The plaintiff's sale of the property to a nonparty during the pendency of this appeal renders moot her challenge to the propriety of the order requiring the sale of the property. See Fiddelman v. Redmon, 59 Conn.App. 481, 483–84, 757 A.2d 671 (2000). Because that sale cannot now be undone, we cannot afford her any practical relief. Id. This court, therefore, lacks jurisdiction to entertain the plaintiff's claims concerning the order requiring the sale of the property.
In the concluding portion of her appellate brief, the plaintiff asks this court to assess monetary damages against the defendant for injuries she allegedly sustained as a result of her compliance with the court's orders.3 That request is unpreserved, as she failed to raise any claim before the trial court for damages resulting from any conduct on the part of the defendant. Moreover, the determination of damages involves a question of fact. See, e.g., Bhatia v. Debek, 287 Conn. 397, 419, 948 A.2d 1009 (2008). “[I]t is axiomatic that this appellate body does not engage in fact-finding. Connecticut's appellate courts cannot find facts; that function is, according to our constitution, our statute, and our cases, exclusively assigned to the trial courts.” (Internal quotation marks omitted.) Hogan v. Lagosz, 124 Conn.App. 602, 618, 6 A.3d 112 (2010), cert. denied, 299 Conn. 923, 11 A.3d 151 (2011). Accordingly, as an appellate tribunal, this court cannot decide the claim for damages presented by the plaintiff in this appeal.
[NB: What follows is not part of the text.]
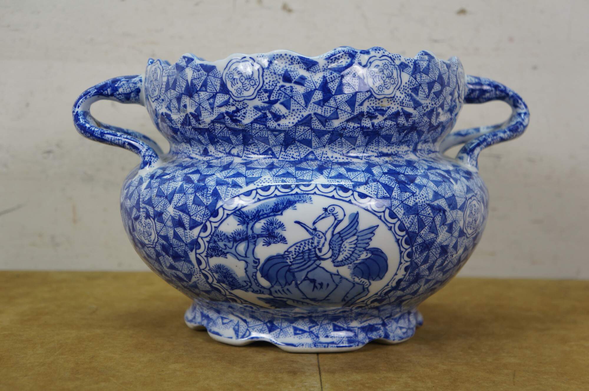 Late 20th century blue and white transferware porcelain cachepot / planter in the Delft style. Double handled with scalloped rim and footed base - decorated with Chinoiserie motifs including cranes by a gnarled pine and a still life of flowers, paint palette and book.

The plaintiff's appeal from the judgment ordering her to sell the property is dismissed as moot. The judgment is affirmed in all other respects.
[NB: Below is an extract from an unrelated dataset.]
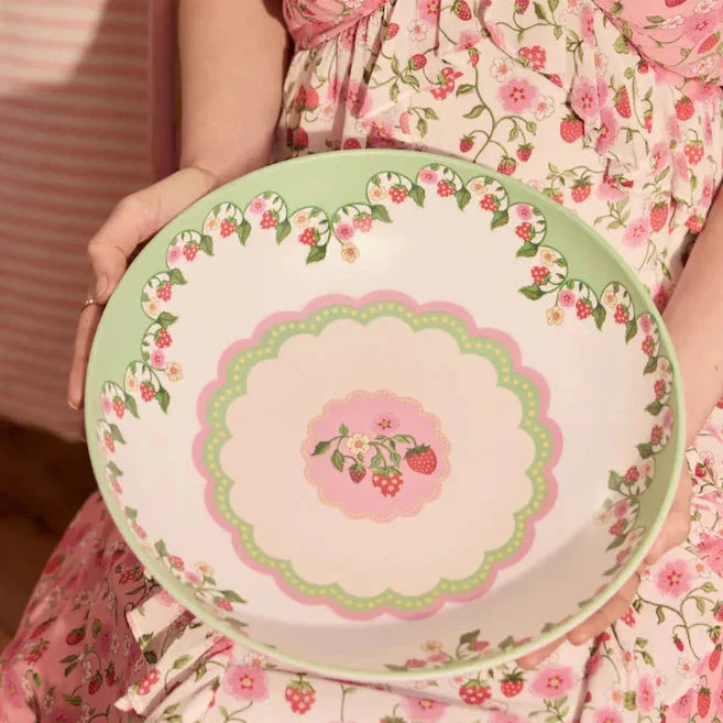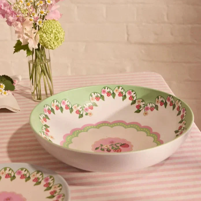 Picnic in style with our lightweight salad bowl and serving spoons decorated our vibrant Strawberry print. Made mostly of sustainable, biodegradable melamine lid it’s not only kinder to the planet but perfect for the outdoors.

1. As the court noted during the contempt hearing, the plaintiff's financial affidavit estimated the value of the property to be $300,000.
2. The court also found the defendant in contempt of its April 7, 2011 order. As a result, the court ordered the plaintiff to pay the defendant $1000 within thirty days. Although the plaintiff amended her original appeal before this court to challenge the propriety of that judgment, she has neither included such a claim in her statement of issues nor briefed that claim in any manner. We thus deem it abandoned. See Caruso v. Bridgeport, 285 Conn. 618, 624 n. 5, 941 A.2d 266 (2008).
3. The plaintiff asks this court to find that she suffered, inter alia, $27,200 in damages “for the loss of income” due to her sale of the property, $50,000 in damages “for the emotional toll this has had on her health” and $200,000 for what she characterizes as lost “retirement money.”